Are these files text or binary? Are they an 8bit character set or Unicode?

Without more information about what these "queries" are, it's not even possible to say whether the above approach could work at all.

Please specify the nature of these queries, and whether all the queries are of the same form. For example, it may be that each of the queries is a simple search string, not containing newline or wildcard.

Or it may be that the queries are arbitrary regular expressions, with some of them potentially matching a multi-line block of text.

Have you implemented the brute-force approach you describe, and is it indeed too slow? By what factor? Does it take 1000 times as long as desired, or 5 times? How about if you do one query for those 52000 files, is it still too slow? And by what factor?

Assuming each of the queries is independent, and that none of them need more than one line to process, it might be possible to combine some or all of those queries into a siimpler filter or filters.

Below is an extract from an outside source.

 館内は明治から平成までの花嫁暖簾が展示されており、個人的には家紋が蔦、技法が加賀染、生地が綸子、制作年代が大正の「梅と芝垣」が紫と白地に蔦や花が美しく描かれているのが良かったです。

Then one could
speed up the process by applying the filter to each line, and only if it triggers, to check the line with the individual queries.

You also don't indicate whether this is a one--time query, or whether the same files might need later to be searched for a different set of queries, or whether the queries might need to be applied to a different set of files. Or whether the same search may need to be repeated on a very similar set of files, or ...

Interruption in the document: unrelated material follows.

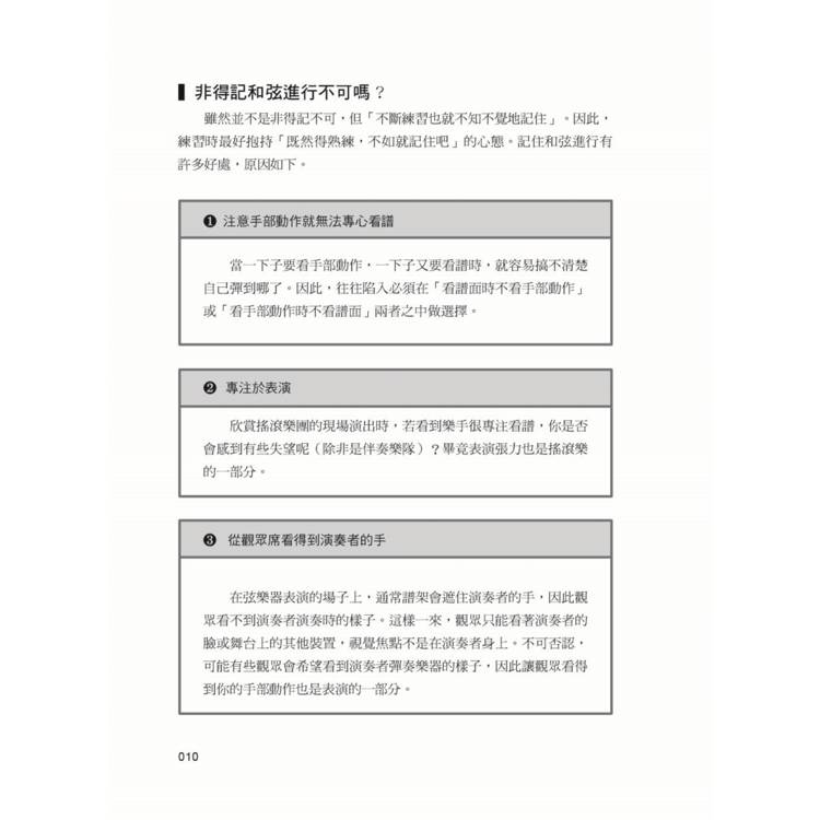 「多虧了這本書,我現在可以不看譜,僅靠記得的和弦來彈奏了。看到最後才恍然大悟,原來不同樂器講的其實是同一個概念!」

Even in the most ideally placed set of constraints, some queries may produce filters that are either harder to apply than the original queries, or filters that produce so many candidates that this process takes longer than just applying the queries brute-force.

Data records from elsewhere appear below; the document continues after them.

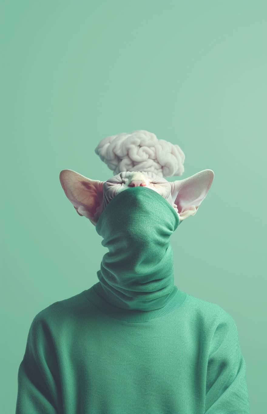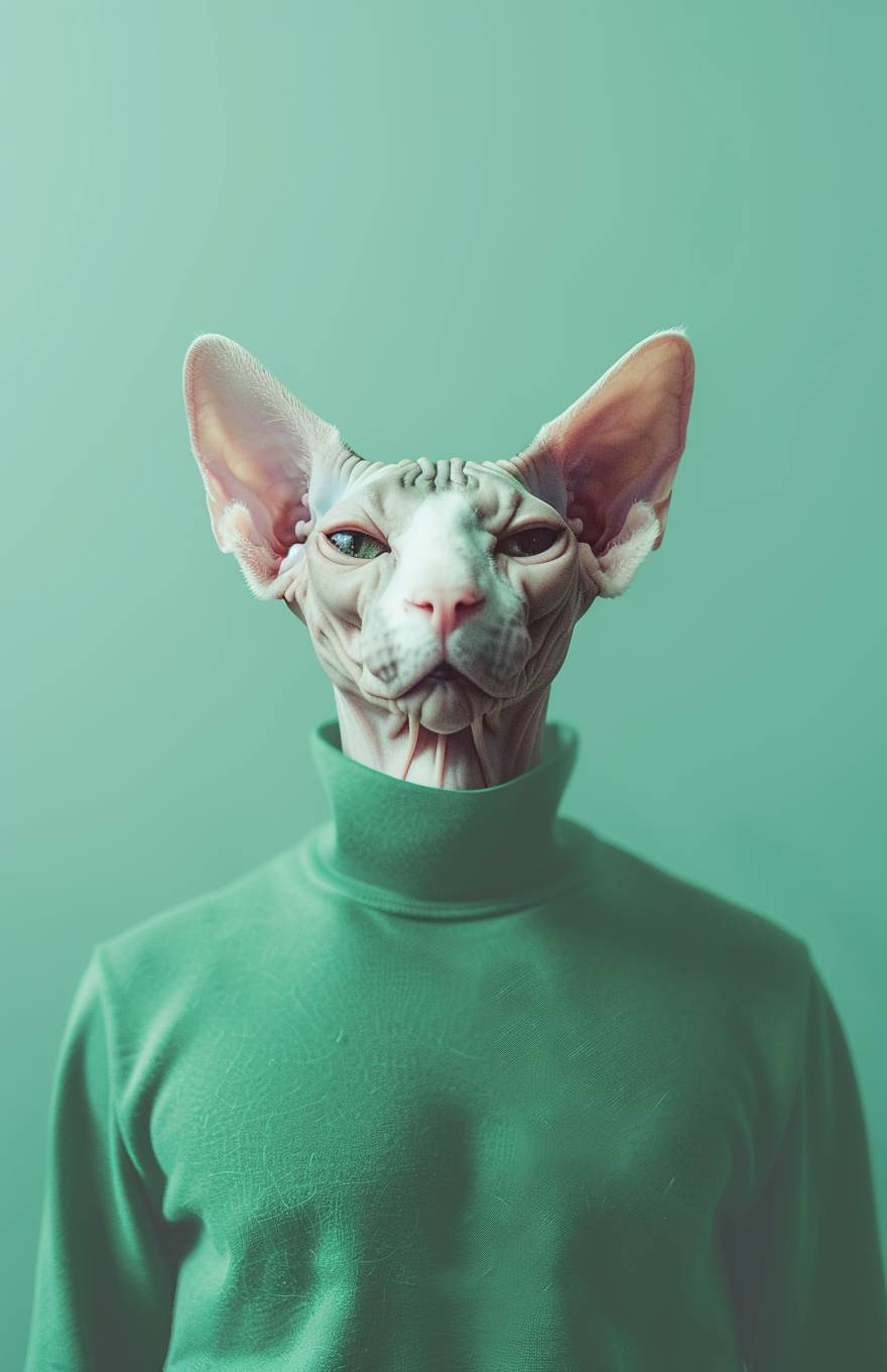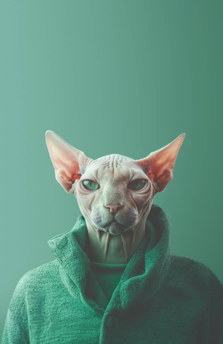 Photographie de portrait d'un chat Sphynx avec un corps et un visage humains
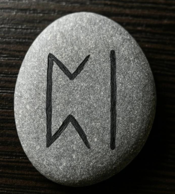 Возьмите гладкую гальку и нарисуйте на ней две руны: Перто и Иса.
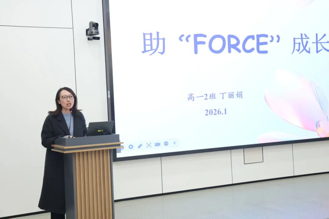 教师代表分享环节亮点纷呈,四位班主任从不同学段、不同维度,展现了德育工作的多元路径与深度思考。高一班主任丁丽娟老师以“助‘FORCE’成长”为主题,分享了用“制度框架、观察指导、弹性空间、协作意识”构建班级成长体系的实践。她通过制定晚自习公约、捕捉学生闪光点、包容成长“慢”节奏、搭建全员参与的管理平台,让41名学生在协作中凝聚合力,在规范中释放活力,生动诠释了“一群人才能走得更远”的育人理念。
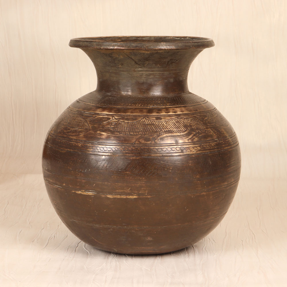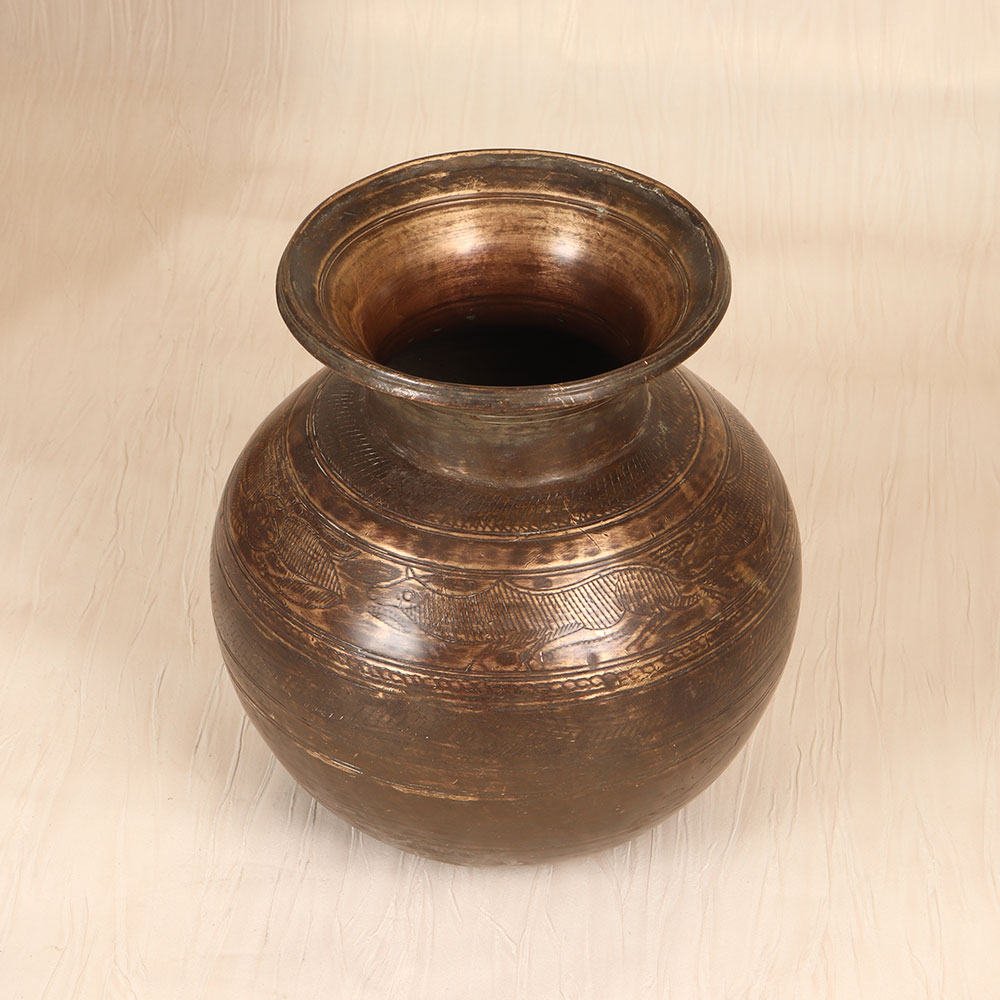Unlock the spiritual and aesthetic power of this stunning vintage brass holy water pot, meticulously crafted by the skilled artisans of Gujarat, India. Featuring intricate engraving that showcases the region's renowned artistic traditions, this heirloom-quality piece is a testament to the enduring beauty of ancient craftsmanship. Durable and built to last, this holy water pot is perfect for daily use in your puja room or as a captivating centerpiece in your living space. Fill it with blessed holy water to purify the air and infuse your home with the tranquil energy of sacred rituals. Or, use it to hold flowers, incense, or other offerings as you deepen your personal spiritual practice. Whether you're looking to elevate your home decor or seeking to strengthen your connection to timeless traditions, this vintage brass holy water pot is an investment that will be cherished for generations. Discover the beauty and power of this exquisite handcrafted treasure and let it inspire your spiritual journey and transform your living space.
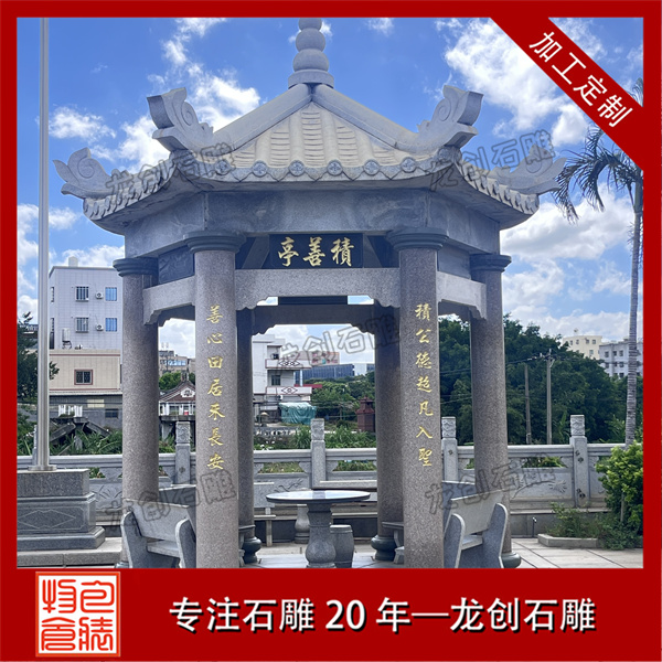 從工藝構造來看,標準六角涼亭包含臺基、柱礎、檐柱、梁枋、屋面、寶頂六大組成部分。臺基常采用須彌座樣式增強穩定感;六根檐柱通過精確的榫卯結構與梁枋連接;屋面由六塊梯形石板精準拼接形成流暢的排水斜面;頂部寶頂作為收束構件兼具裝飾功能。雕刻工藝以淺浮雕為主,常在柱礎處飾以蓮紋,欄板處刻有簡化的幾何紋樣或自然圖案,保持整體風格的協調統一。

Many times, optimization efforts focus on the wrong problem, or ignore the relative costs of programmer time and machine time. Other times, the problem being optimized is simply intractiable with current
technology.

answer Sep 25, 2013 by Seema Siddique
+1 vote

Before anybody can even begin to answer this question, we need to know what you mean by "search query". Are you talking pattern matching, keyword matching, fuzzy hits OK, etc? Give us a couple of examples of the kind of searches you'd like to execute.

Also, is this a one-off thing, or are you planning to do many searches over the same collection of files? If so, you will want to do some sort of pre-processing or indexing to speed up the search execution. It's extremely unlikely you want to reinvent the wheel here. There are tons of search packages out there that do this sort of thing. Just a few to check out include Apache Lucene, Apache Solr, and Xapian.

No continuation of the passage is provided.